▶ _Task statement_
Below is a listing. Set down exactly the lines from the one containing "第一个客户端发布的主题那一栏填写的是 aaaaa 然后发送的消息是 123456" through the one containing "如果你想下载专题02 统一多", both ends included, and leave out the rest.

▶ _Recorded information_
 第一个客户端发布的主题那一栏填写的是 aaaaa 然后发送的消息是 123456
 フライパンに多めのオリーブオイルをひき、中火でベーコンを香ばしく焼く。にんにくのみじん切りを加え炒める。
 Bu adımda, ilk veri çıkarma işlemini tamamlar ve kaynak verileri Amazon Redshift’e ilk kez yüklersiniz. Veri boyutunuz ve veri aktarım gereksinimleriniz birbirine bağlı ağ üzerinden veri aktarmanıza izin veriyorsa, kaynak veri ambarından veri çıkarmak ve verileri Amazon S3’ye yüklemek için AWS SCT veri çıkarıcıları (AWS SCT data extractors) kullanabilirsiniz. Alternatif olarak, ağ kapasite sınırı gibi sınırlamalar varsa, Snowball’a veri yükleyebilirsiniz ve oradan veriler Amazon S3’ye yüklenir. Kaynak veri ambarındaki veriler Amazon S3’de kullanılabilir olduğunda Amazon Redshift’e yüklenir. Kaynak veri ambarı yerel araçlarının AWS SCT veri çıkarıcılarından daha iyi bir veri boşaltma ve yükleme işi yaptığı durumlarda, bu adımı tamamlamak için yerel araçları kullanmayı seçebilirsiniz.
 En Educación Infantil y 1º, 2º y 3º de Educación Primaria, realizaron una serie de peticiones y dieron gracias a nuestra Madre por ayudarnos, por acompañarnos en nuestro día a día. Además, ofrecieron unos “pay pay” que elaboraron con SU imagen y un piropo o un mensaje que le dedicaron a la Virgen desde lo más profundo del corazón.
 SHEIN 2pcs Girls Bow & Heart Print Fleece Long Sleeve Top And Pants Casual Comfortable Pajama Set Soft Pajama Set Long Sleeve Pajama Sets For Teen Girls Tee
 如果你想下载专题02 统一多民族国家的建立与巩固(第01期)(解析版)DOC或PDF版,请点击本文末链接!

--

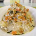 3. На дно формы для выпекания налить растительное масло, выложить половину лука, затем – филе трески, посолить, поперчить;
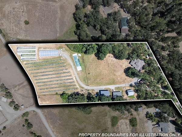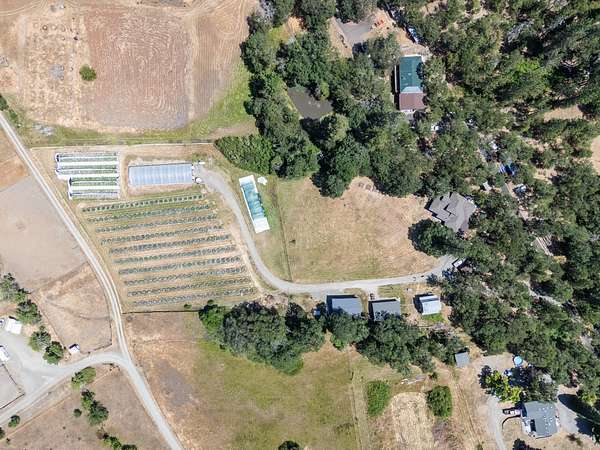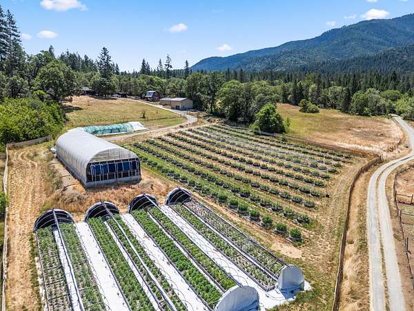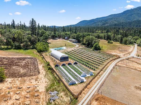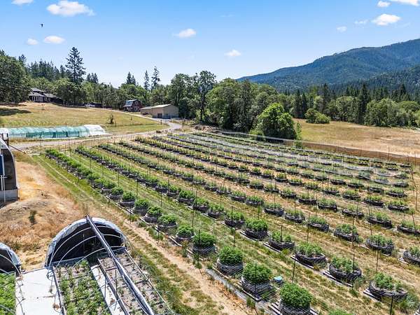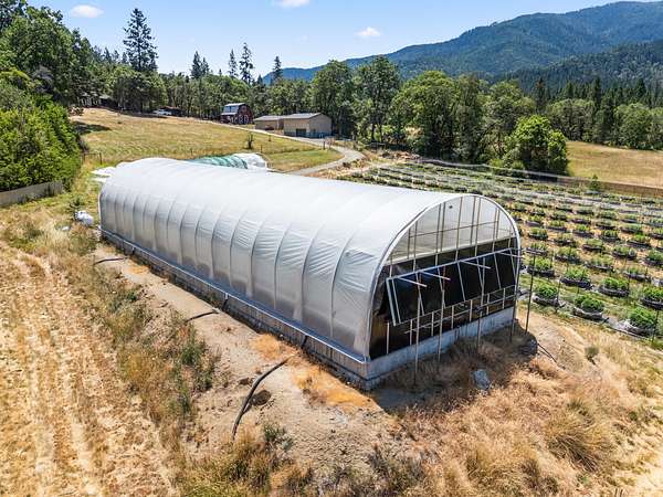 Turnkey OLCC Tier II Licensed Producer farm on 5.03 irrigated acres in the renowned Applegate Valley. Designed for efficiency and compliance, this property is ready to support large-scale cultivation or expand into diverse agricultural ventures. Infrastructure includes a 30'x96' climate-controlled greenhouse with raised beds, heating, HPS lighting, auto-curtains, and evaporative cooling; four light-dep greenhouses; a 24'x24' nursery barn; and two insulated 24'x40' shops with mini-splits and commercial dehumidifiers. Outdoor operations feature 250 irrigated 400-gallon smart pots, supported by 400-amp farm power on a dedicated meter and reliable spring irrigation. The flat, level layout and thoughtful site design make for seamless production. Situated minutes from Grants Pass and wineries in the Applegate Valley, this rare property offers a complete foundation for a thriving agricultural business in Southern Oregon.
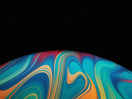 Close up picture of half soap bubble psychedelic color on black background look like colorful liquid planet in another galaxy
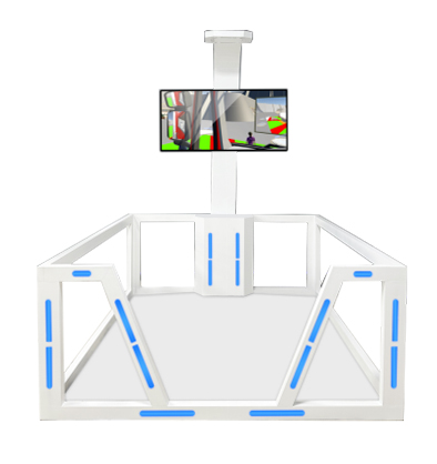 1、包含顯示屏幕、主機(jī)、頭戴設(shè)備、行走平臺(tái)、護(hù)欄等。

* * *

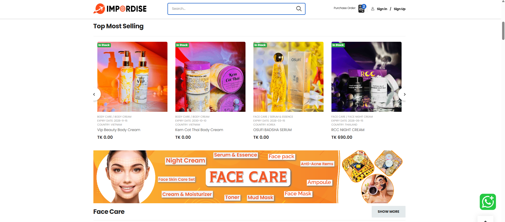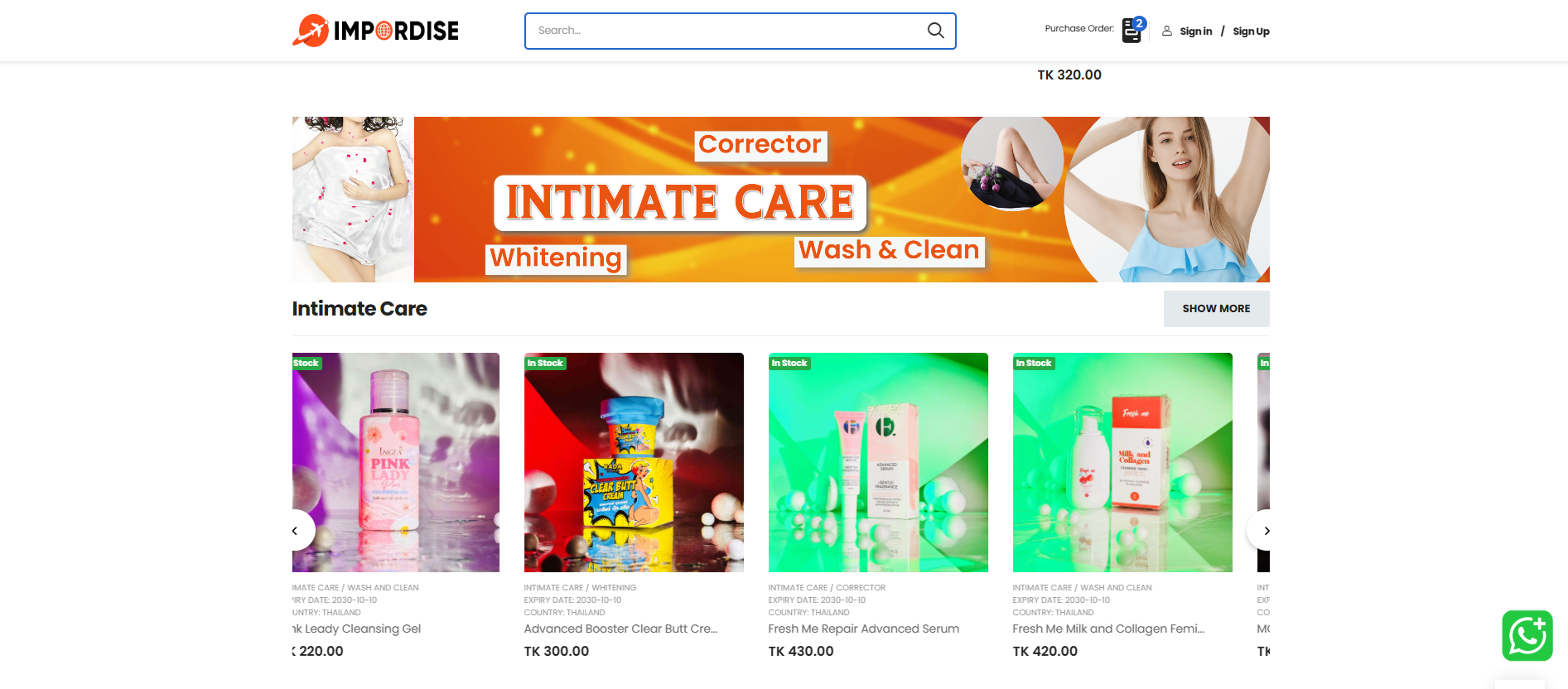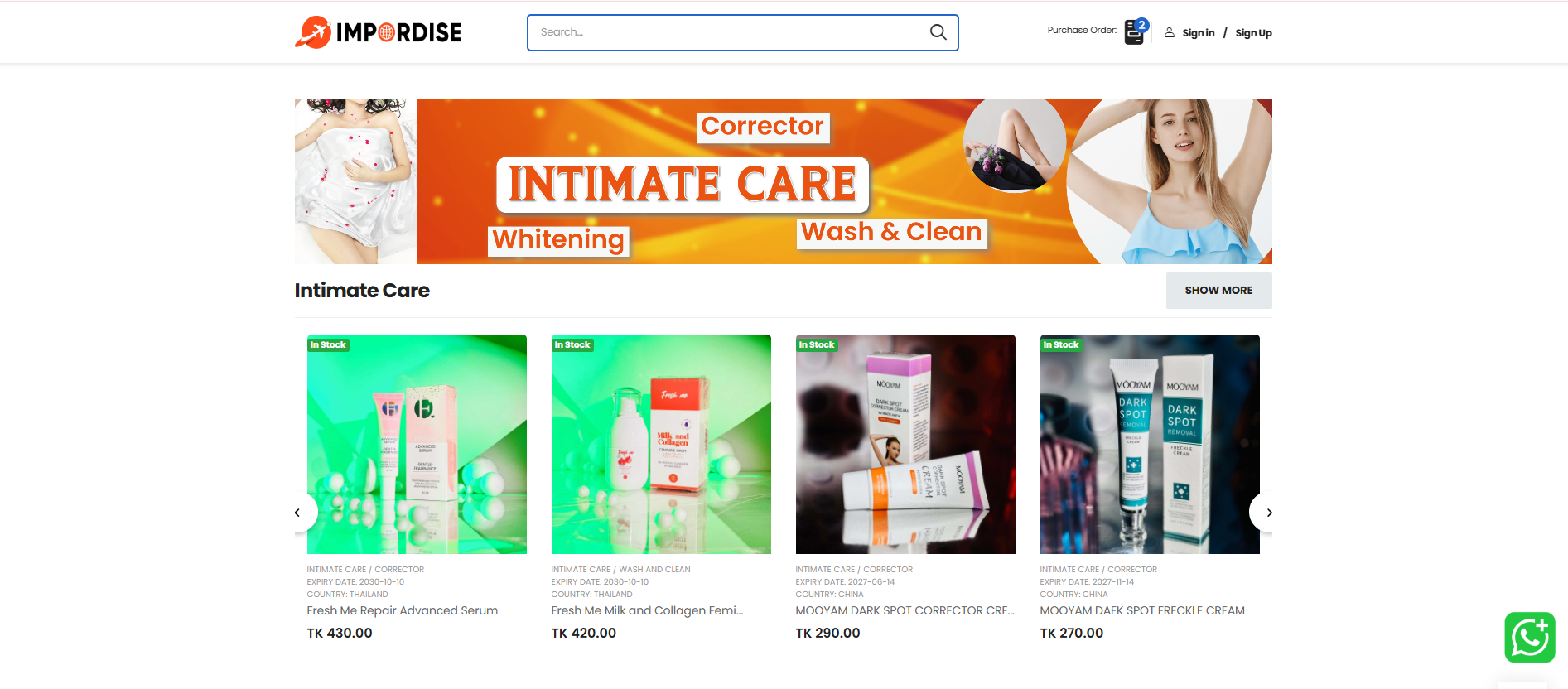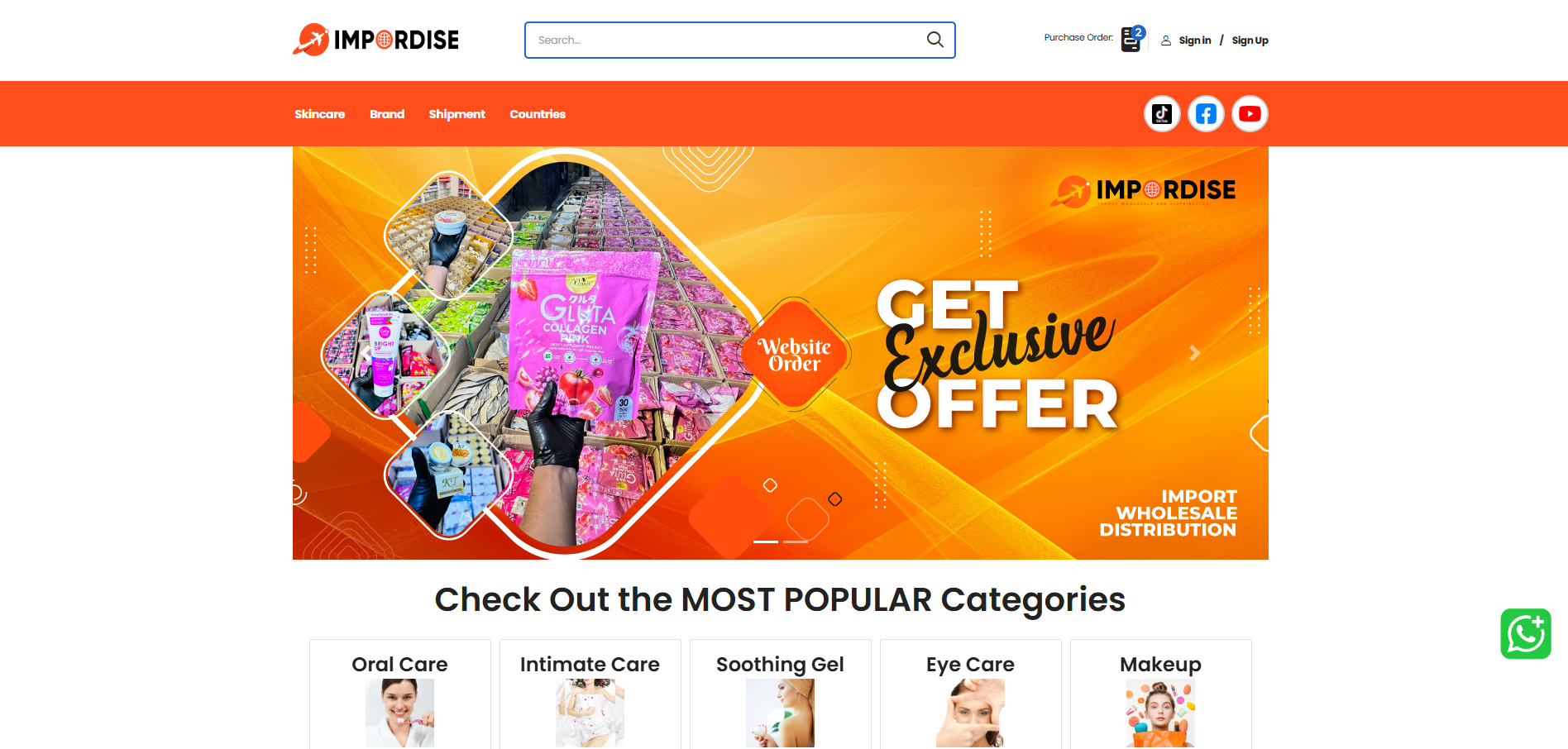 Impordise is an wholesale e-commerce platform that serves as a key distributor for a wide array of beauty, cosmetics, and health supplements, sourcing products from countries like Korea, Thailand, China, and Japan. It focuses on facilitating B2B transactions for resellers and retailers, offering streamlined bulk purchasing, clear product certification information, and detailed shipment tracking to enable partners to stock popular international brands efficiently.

▶ _Task result_
 第一个客户端发布的主题那一栏填写的是 aaaaa 然后发送的消息是 123456
 フライパンに多めのオリーブオイルをひき、中火でベーコンを香ばしく焼く。にんにくのみじん切りを加え炒める。
 Bu adımda, ilk veri çıkarma işlemini tamamlar ve kaynak verileri Amazon Redshift’e ilk kez yüklersiniz. Veri boyutunuz ve veri aktarım gereksinimleriniz birbirine bağlı ağ üzerinden veri aktarmanıza izin veriyorsa, kaynak veri ambarından veri çıkarmak ve verileri Amazon S3’ye yüklemek için AWS SCT veri çıkarıcıları (AWS SCT data extractors) kullanabilirsiniz. Alternatif olarak, ağ kapasite sınırı gibi sınırlamalar varsa, Snowball’a veri yükleyebilirsiniz ve oradan veriler Amazon S3’ye yüklenir. Kaynak veri ambarındaki veriler Amazon S3’de kullanılabilir olduğunda Amazon Redshift’e yüklenir. Kaynak veri ambarı yerel araçlarının AWS SCT veri çıkarıcılarından daha iyi bir veri boşaltma ve yükleme işi yaptığı durumlarda, bu adımı tamamlamak için yerel araçları kullanmayı seçebilirsiniz.
 En Educación Infantil y 1º, 2º y 3º de Educación Primaria, realizaron una serie de peticiones y dieron gracias a nuestra Madre por ayudarnos, por acompañarnos en nuestro día a día. Además, ofrecieron unos “pay pay” que elaboraron con SU imagen y un piropo o un mensaje que le dedicaron a la Virgen desde lo más profundo del corazón.
 SHEIN 2pcs Girls Bow & Heart Print Fleece Long Sleeve Top And Pants Casual Comfortable Pajama Set Soft Pajama Set Long Sleeve Pajama Sets For Teen Girls Tee
 如果你想下载专题02 统一多民族国家的建立与巩固(第01期)(解析版)DOC或PDF版,请点击本文末链接!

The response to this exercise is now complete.